[What is being asked]:
Word for word, copy the data that follows and skip its pictures.

[Raw data]:
* * *

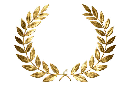 A golden laurel wreath symbolizing honor and victory, isolated on a empty plain background
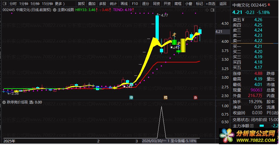 竞价低开:捕捉次日集合竞价大幅低开(<-3%)的瞬间,寻找错杀后的介入点。
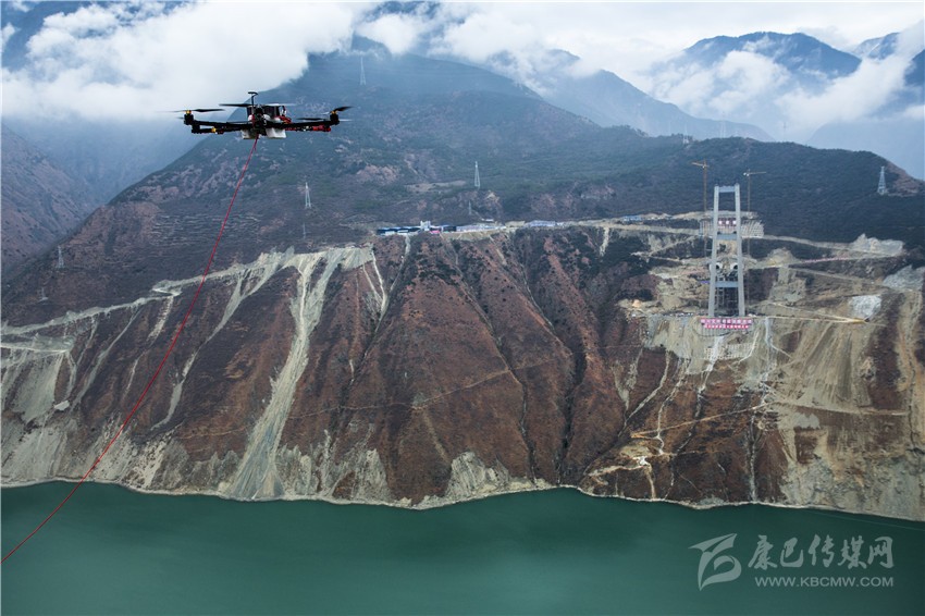 雅康高速C15合同段一分部總工程師張磊說,河谷兩岸立好橋墩,施工隊員運用無人機技術(shù),先把一根較細的繩子“飛穿”在兩側(cè)橋墩,再運用這第一根繩索,運送較粗繩索,最后運送鋼繩,建立橫跨兩岸的1600多米長的“貓道”——施工隊員屆時彎腰在這里施工?!肮と藨以诤拥郎峡帐┕?,也會被無處不在的大風所包圍?!?/span>

* * *

[Answer area]:
 A golden laurel wreath symbolizing honor and victory, isolated on a empty plain background
 竞价低开:捕捉次日集合竞价大幅低开(<-3%)的瞬间,寻找错杀后的介入点。
 雅康高速C15合同段一分部總工程師張磊說,河谷兩岸立好橋墩,施工隊員運用無人機技術(shù),先把一根較細的繩子“飛穿”在兩側(cè)橋墩,再運用這第一根繩索,運送較粗繩索,最后運送鋼繩,建立橫跨兩岸的1600多米長的“貓道”——施工隊員屆時彎腰在這里施工?!肮と藨以诤拥郎峡帐┕?,也會被無處不在的大風所包圍?!?/span>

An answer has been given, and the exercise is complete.